As Victoria Williamson, who researches music psychology at the University of London, told NBC News, songs can produce something called the "mere exposure effect." The "mere exposure effect" reportedly describes the point of saturation that listeners experience with a particular song. The first few listens are fine, enjoyable even, maybe, but after a certain point it gets to be too much. "Anyone who has worked in a Christmas store over the holidays will know what I'm talking about," Williamson added.

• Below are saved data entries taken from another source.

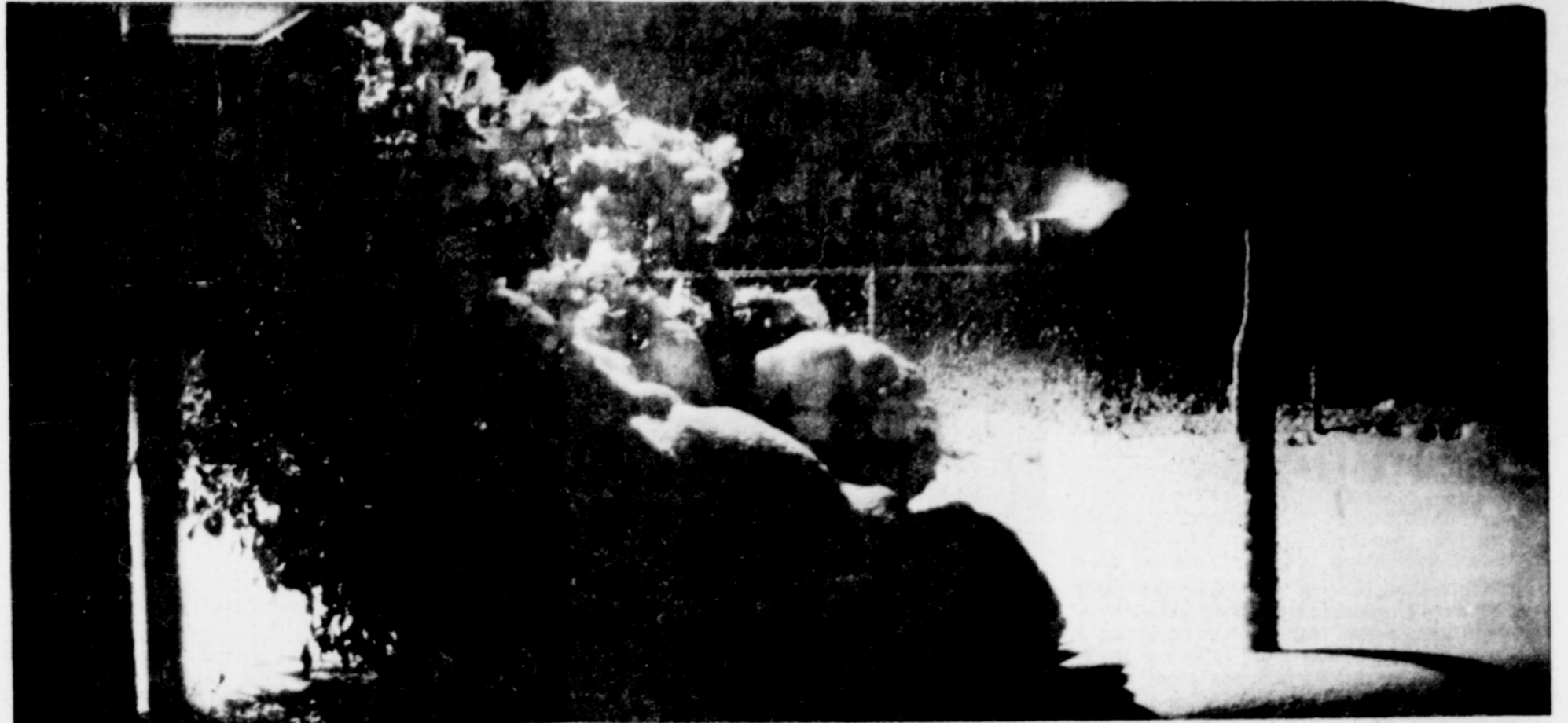
A bush, gas lamp, chain link fence reflect shadows only light and snow can produce.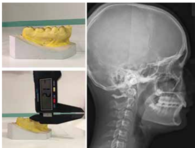
Figure 1. Positioning of the flat surface over the model (upper left) and measurement of the depth of the Spee curve with the digital caliper (lower left) in a patient with Angle Class II malocclusion (right).

a, b: There is no difference in the measurements which were marked with the same letter; NS: Non-significant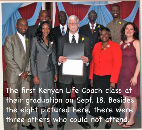
The first Kenyan Life Coach class at their graduation on Sept. 18. Besides the eight pictured here, there were three others who could not attend.

You may have noticed that we have stopped updating you monthly on our financial needs. We have chosen instead to once a year communicate our need for financial support. So, you'll be hearing from us in October about how you can partner with us in Kenya!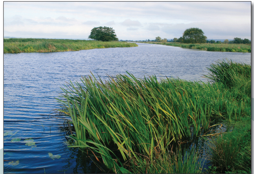
King's Sedgemoor Drain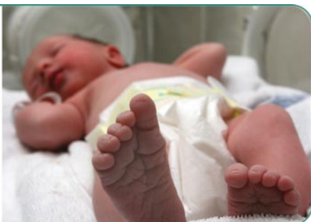
Lactate in Maternity Hospitals Birth Medicine

Diabetic people are very often overweight. Here it is not the target to improve the endurance or the power, but it is essentially to learn “healthy move” again. These patients will be trained at the aerobic level (below 3 mmol/l) only, to avoid critical effects of oversized effort (see 1.4). Featured similar to typical Glucose meters, the Lactate SCOUT fits perfectly the demands herein. Many doctors are supporting their patients with the Lactate SCOUT; the University Cologne and other institutes use the Lactate SCOUT as the reference device in training projects for overweight people, including adolescents and children. Applications in pediatrics are reported as well.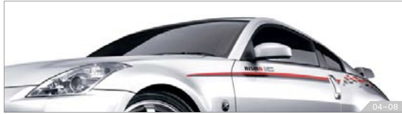
Graphics 3 - Z ®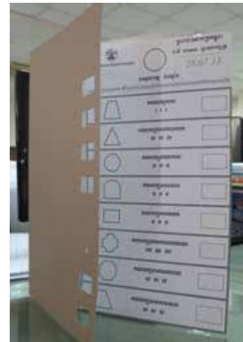
Sample ballot template used by persons with visual impairment in the election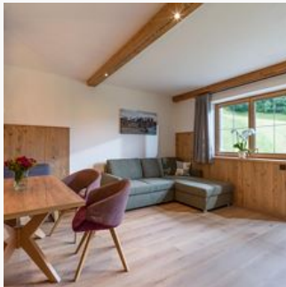
1-4 Personen · 2 Bedrooms · 65 m 2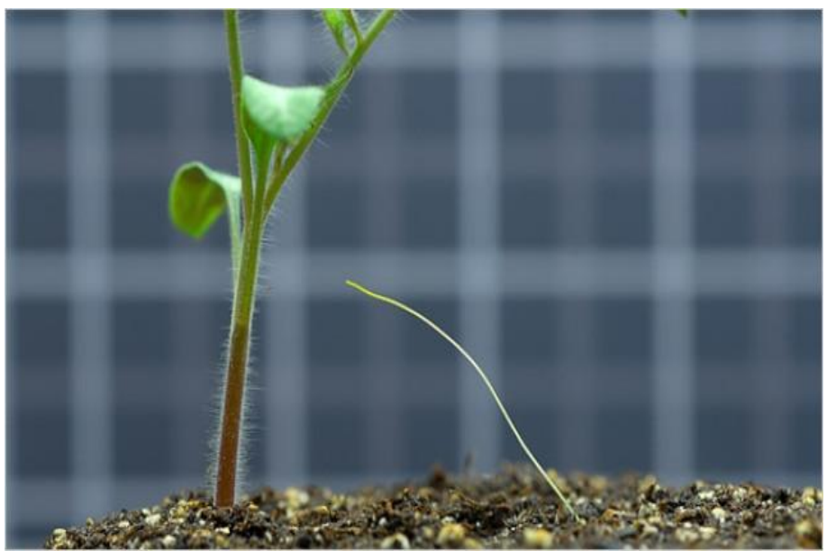
Figure 6.After the exit of dodder host to the orientation of tomato roots

The dodder stems are threadlike and have no leaves. Therefore it does not contain chlorophyll. Hostorium is attached to the body and branches of host plants. They are full-parasitic clitoral plants without chlorophyll fed from their bodies by sending houstoriums to the host transmission bunches (Figure 6).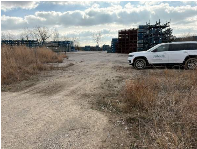
PP15, Facing South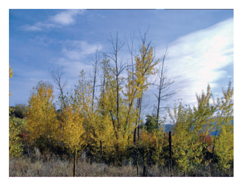
FIGURE 1. These balsam poplars ( Populus balsamifera ) on a closed landfill may be indicating root penetration into the municipal solid waste stratum as indicated by the top dieback.

Dose-response experiments incrementally increase the CoC in the media (water or soil) to demonstrate at what level plant growth is compromised, and therefore its ability to remediate at specific toxicity levels, and what level causes complete mortality. These can be used to compare the site contaminant levels to assess which species, if any, can tolerate and remediate the contaminants on site. Phyto-toxicity levels will vary across plant species for the same CoC.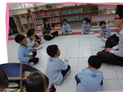
■ A parent-child group to learn through play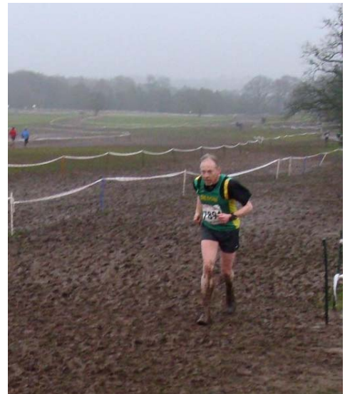
The Comeback Kid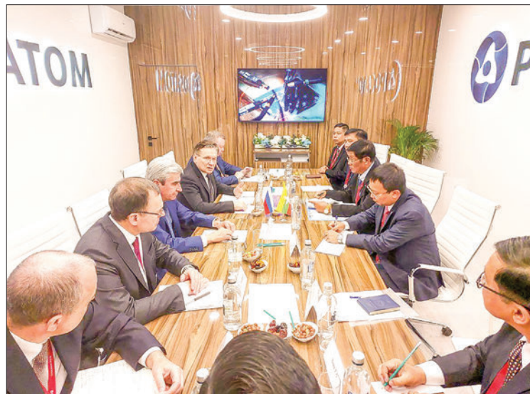
The discussion between Union Minister U Ko Ko Lwin and Russian Minister of Energy Mr Nikolay Shulginov in progress on 11 October in Moscow.

pressed his hope for cooperation with Russia in nurturing human resources for the improvement of the energy sector.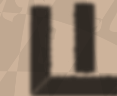
Clip on reducers for outside edges and corners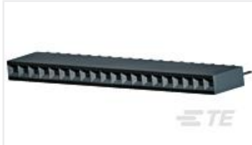
TE Part #6-535541-8 20 MODIV VRT SR CE 100/115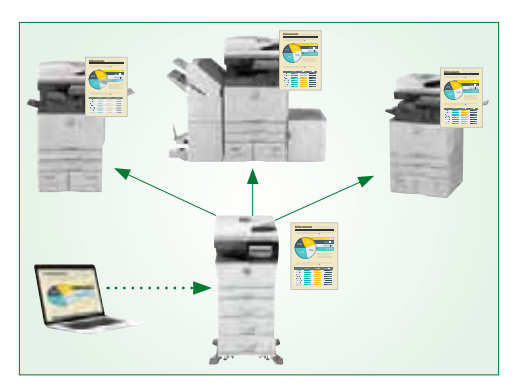
With Serverless Print Release you can securely print a job and release it from up to six Sharp MFPs (including host).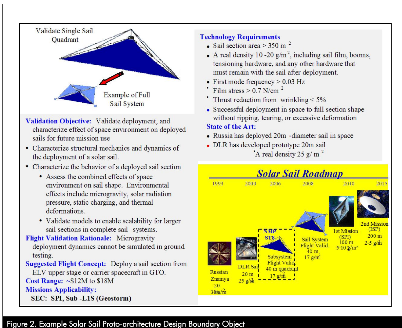
Figure 2. Example Solar Sail Proto-architecture Design Boundary Object

Each design candidate was modeled as a proto-architecture to establish an initial proof of design concept. The NMP staff used the term ‘concept’ to mean a design project or idea. Each concept was represented by a ‘quad-chart’. One NMP technologist expressed this as follows: “We create a quad-chart for every concept. It has all of the information we need on one page. It has taken us 8 years to get them right.”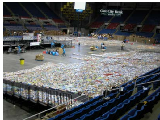
The floor of the dome a week before the deadline.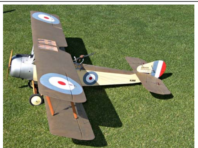
Bob's Sopwith 1 1/2 Struter on the review line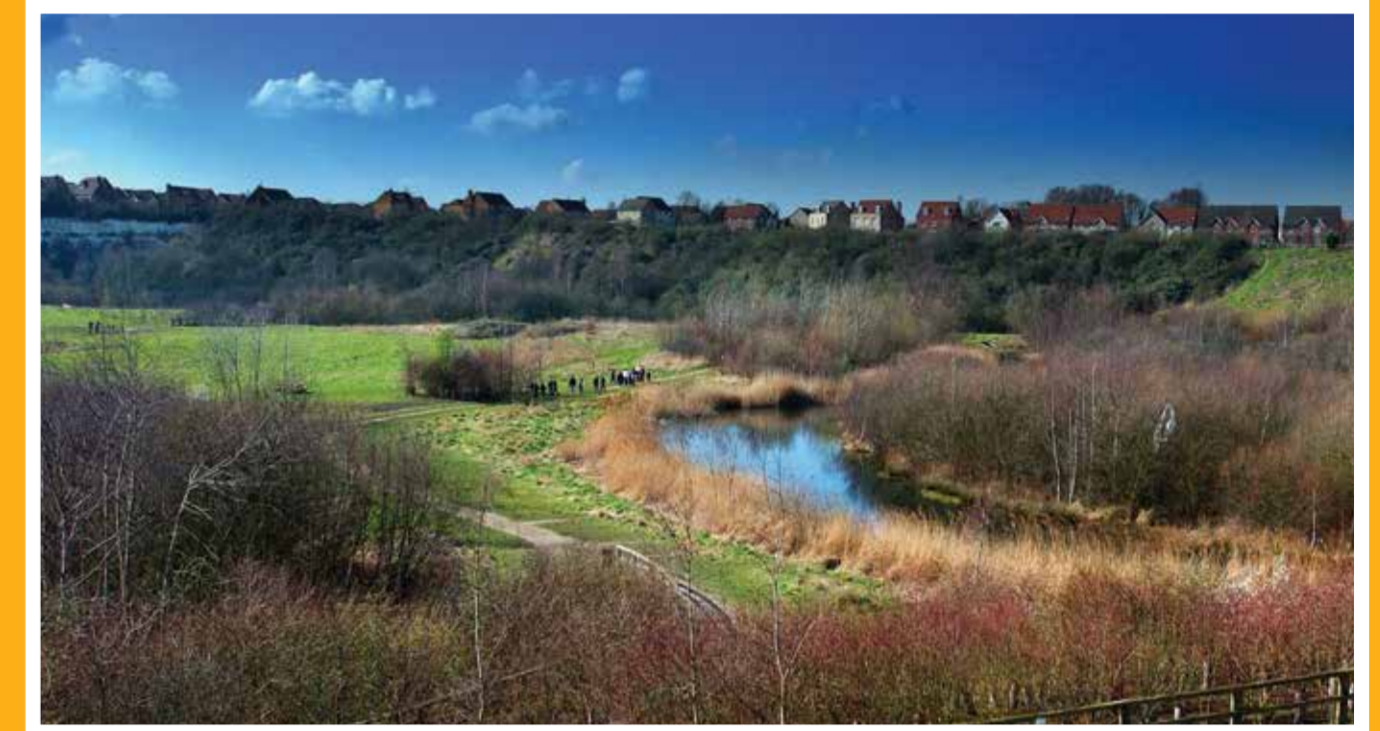
Chafford Gorges Nature Park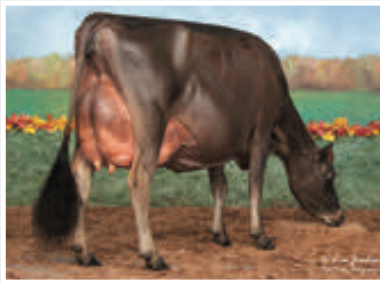
HO-CRAWF ANDREAS JOPLIN Dam of Lot 9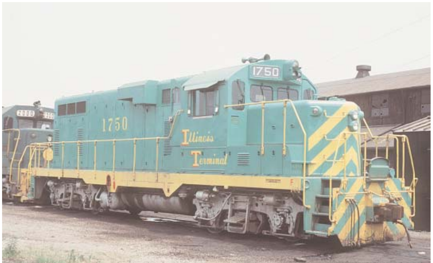
GP10 is former Wabash number 475 at Madison in June 1977

She goes on to tell NBC News that, of course, there are some people who seem not to mind the constant repetition of Rudolph, Mariah and Grandma Got Run Over by a Reindeer. A person's psychological state has a lot to do with how they'll react to music of any kind. Those who are already "stressed out about the holidays," Williamson told the network, or have painful associations with the holidays may have a harder time with it.

A separate NBC News report by a correspondent whose brother died within a week of Christmas provides an anecdote to that effect. The music might prove painful to those who have painful associations with it.

Neuropsychologist Rhonda Freeman corroborated this idea to NBC News, and added that that's why it's important for listeners to have control of the music they listen to. That can be a problem for retail workers who have very little control over what streams through their stores' speakers.

None of these reports, of course, are based on peer-reviewed scientific studies, and none particularly focused on Last Christmas (it's just a song that this reporter happens to especially despise).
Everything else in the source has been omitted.